→ Available data:
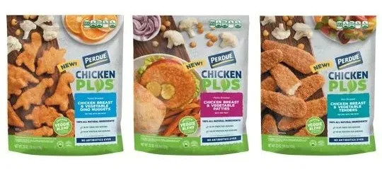 PERDUE CHICKEN PLUS 是一款富含蔬菜成分的鸡块。由鹰嘴豆,花椰菜与鸡肉混合而成,纯天然成分,不含抗生素,造型为孩子们喜欢的恐龙形状。每份产品采用100%天然成分,含有10克蛋白质,不含抗生素。这些鸡块可以与喜欢的蘸酱一起食用,甚至可以作为意大利面配料。
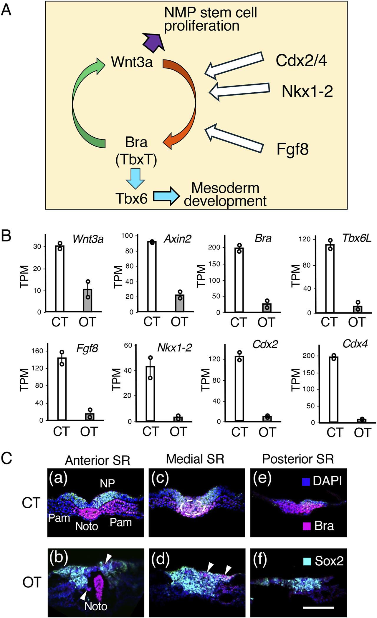 Figure 9. Molecular and cellular events in the sinus rhomboidalis are strongly affected by ectopic Otx2 expression in the posterior epiblast. (A) Wnt3a and Bra (TbxT) coregulatory loop that promotes NMP stem cell proliferation and allows (paraxial) mesodermal development via Bra→Tbx6 regulatory cascades. The activity of the transcription factors Nkx1-2, Cdx2, and Cdx4, and signaling of Fgf8, which are expressed in and around the sinus rhomboidalis, is essential for driving the Wnt3a-Bra regulatory loop and downstream processes. References are given in the main text. (B) Transcriptome data comparing the sinus rhomboidalis region of the control (CT) and exogenous Otx2 (OT) embryos, as indicated in Figure 7. The TPM data of duplicate samples are presented as circles, and the averages are presented as bars. The Sox2 and Sox1 expression levels were similar between the control embryos and those expressing exogenous Otx2 at around 19 and 1.2 TPM, respectively. (C) Cross cryosections of control (CT) and exogenous Otx2 (OT) embryos in the sinus rhomboidalis (SR) region immunostained for Sox2 and Bra and subjected to nuclear staining with DAPI. The panels are arranged in anterior-to-posterior order. The axial levels of the sections are indicated on top of the panels. The arrowheads in (b,d) indicate the small patches of Bra-expressing cells remaining in the embryos expressing exogenous Otx2. The dorsal side is toward the top. The bar indicates 100 µm. Noto, notochord; NP, neural plate; Pam, paraxial mesoderm.
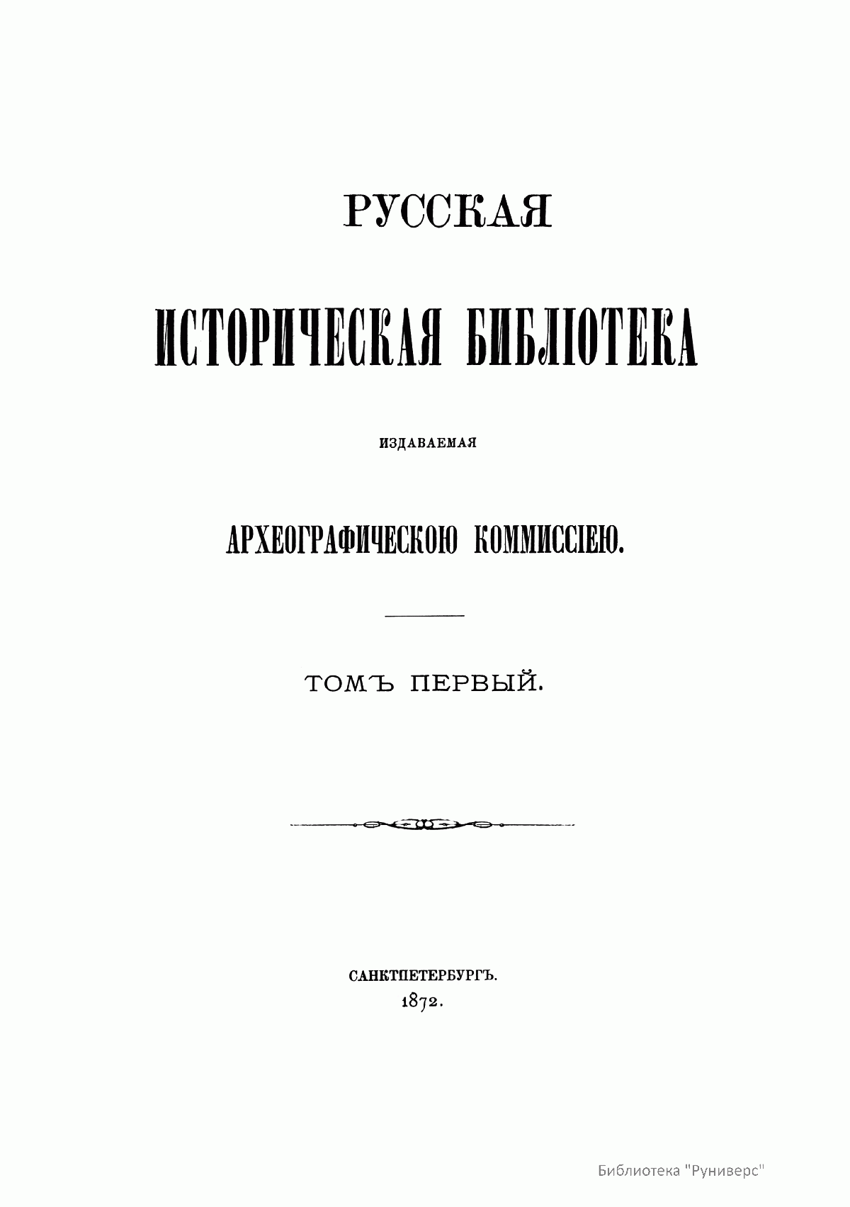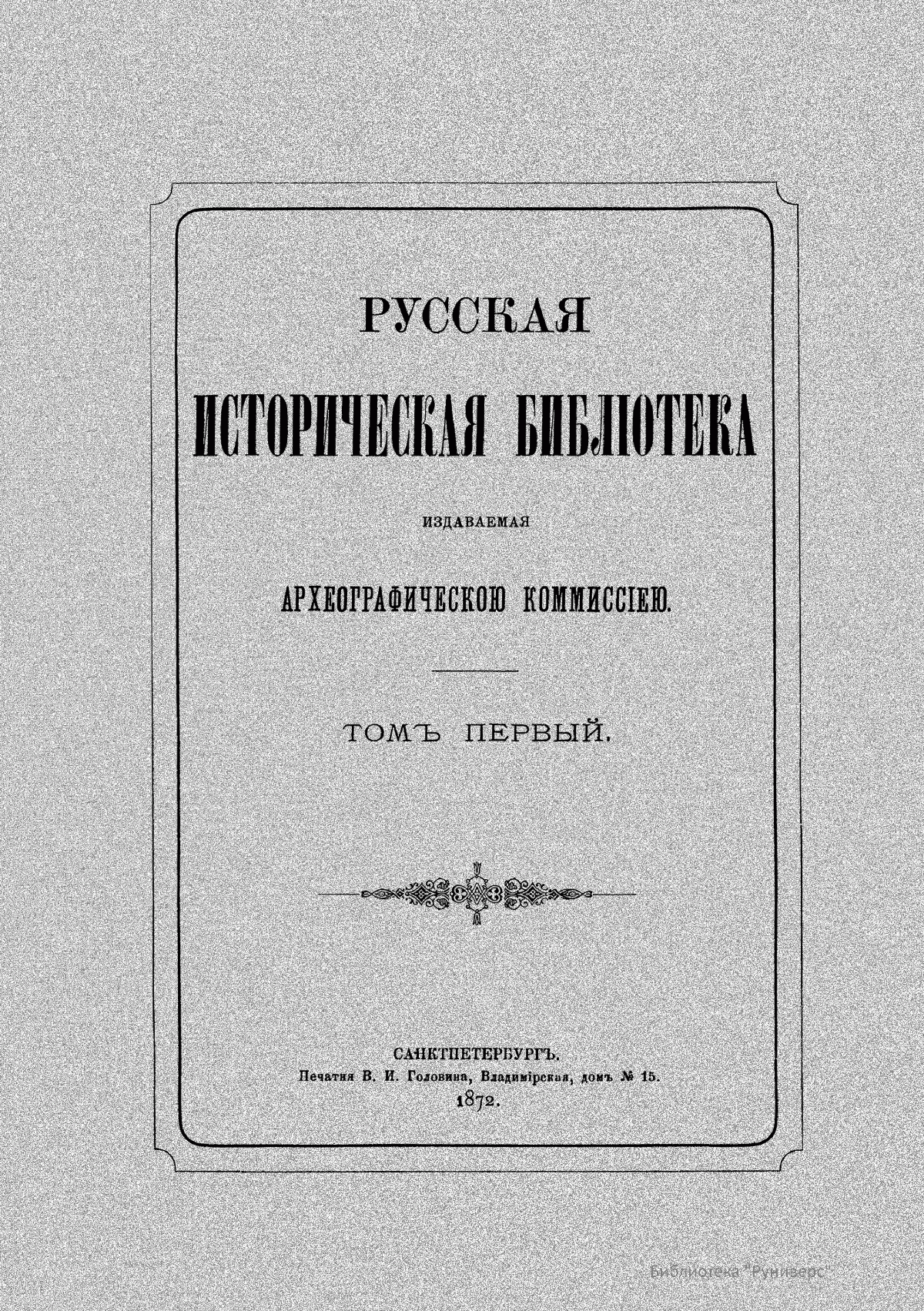 Русская историческая библiотека, издаваемая Археографическою комиссiею

→ Exercise goal:
The required answer is the material repeated exactly, with no images in it.

→ Answer area:
 PERDUE CHICKEN PLUS 是一款富含蔬菜成分的鸡块。由鹰嘴豆,花椰菜与鸡肉混合而成,纯天然成分,不含抗生素,造型为孩子们喜欢的恐龙形状。每份产品采用100%天然成分,含有10克蛋白质,不含抗生素。这些鸡块可以与喜欢的蘸酱一起食用,甚至可以作为意大利面配料。
 Figure 9. Molecular and cellular events in the sinus rhomboidalis are strongly affected by ectopic Otx2 expression in the posterior epiblast. (A) Wnt3a and Bra (TbxT) coregulatory loop that promotes NMP stem cell proliferation and allows (paraxial) mesodermal development via Bra→Tbx6 regulatory cascades. The activity of the transcription factors Nkx1-2, Cdx2, and Cdx4, and signaling of Fgf8, which are expressed in and around the sinus rhomboidalis, is essential for driving the Wnt3a-Bra regulatory loop and downstream processes. References are given in the main text. (B) Transcriptome data comparing the sinus rhomboidalis region of the control (CT) and exogenous Otx2 (OT) embryos, as indicated in Figure 7. The TPM data of duplicate samples are presented as circles, and the averages are presented as bars. The Sox2 and Sox1 expression levels were similar between the control embryos and those expressing exogenous Otx2 at around 19 and 1.2 TPM, respectively. (C) Cross cryosections of control (CT) and exogenous Otx2 (OT) embryos in the sinus rhomboidalis (SR) region immunostained for Sox2 and Bra and subjected to nuclear staining with DAPI. The panels are arranged in anterior-to-posterior order. The axial levels of the sections are indicated on top of the panels. The arrowheads in (b,d) indicate the small patches of Bra-expressing cells remaining in the embryos expressing exogenous Otx2. The dorsal side is toward the top. The bar indicates 100 µm. Noto, notochord; NP, neural plate; Pam, paraxial mesoderm.
 Русская историческая библiотека, издаваемая Археографическою комиссiею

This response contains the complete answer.